It has been a while since I last posted about CVID19. It is for a couple reasons. I have been busy. I'm in midst of potty training Fox. First it is our puppy, and now it is Fox's turn. It has been keeping me rather busy. Not just that I have to focus on, I also am dealing with other three kids, and trying to make much out of our summer. I try not to get down about the fact that our summer has not been "exciting" for the lack of a better term. We are not able to go on a vacation. We are not able to randomly drop in a store to shop. We can't just "stop" by at anyone's house unannounced. Everything has to be pre-planned. We have to weigh risks and benefits. 

Then truth to be told, it is depressing to deal with the fallout surrounding CVID19. Every time I post something political regarding CVID19, there is bound that someone will have a differing opinion, and it sometimes can lead to an argument on my post. Not just my post, but everywhere on social media, really. It is tiring to see people fighting over differences in opinions. I don't understand how hard it is to mask up, wash hands, and social distance as much as possible. Don't host graduation parties. Don't throw a BBQ cook out. I am starting to be personally affected by CVID19, because I am seeing people I care about getting a positive test result. It leads me to worry about their health. They all tell me that it is not worth it to attend parties, or not mask up. I feel sad that they have to deal with CVID19, and pray that they recover fairly quick. 

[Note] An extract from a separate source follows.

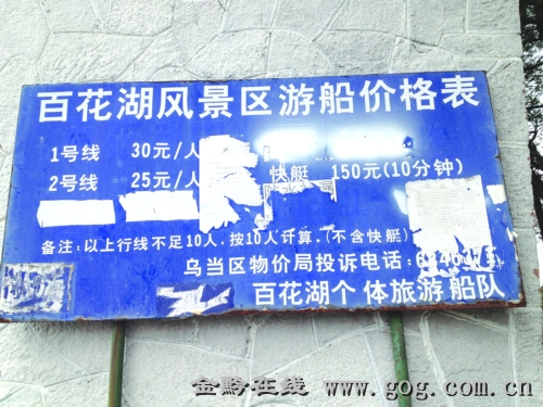 据姜传勇介绍,百花湖景区是该公司2008年接手管理的,现行的门票规定是每人5元、每车5元。游船价格则由船主与游客自行议价。据公司调查,由于百花湖周边居民大多有游船、自用船,但很多自用船都被转为游船,一部分在景区正规码头停泊经营,还有一部分则在景区外围“打游击”。

I get tired of reading news about how our administration is dealing with this or that. It has been a series of poor decisions, and it's depressing. Where I live is so entrenched in the anti-mask culture. Fortunately, I'd say my circle of people are pretty good with staying on the same page about masks, and be smart about this. Unfortunately, there are people in our community that thinks it's like flu, and people recover no problem. This leads to my sense of conflict about the upcoming school year. 

Yes, I am married to a principal. I've seen how hard my husband has been working to try implement the best action of course to protect all of the students, and staff. I've seen the plan personally, and think it looks great. However, I worry about those folks who will send their children to school with symptoms, because they may not be able to afford to stay at home with their kid because of the job inequity or fear of loss for their income or the lack of childcare, or think that this whole thing is not as serious as it is. I have more questions than I do for the answers. 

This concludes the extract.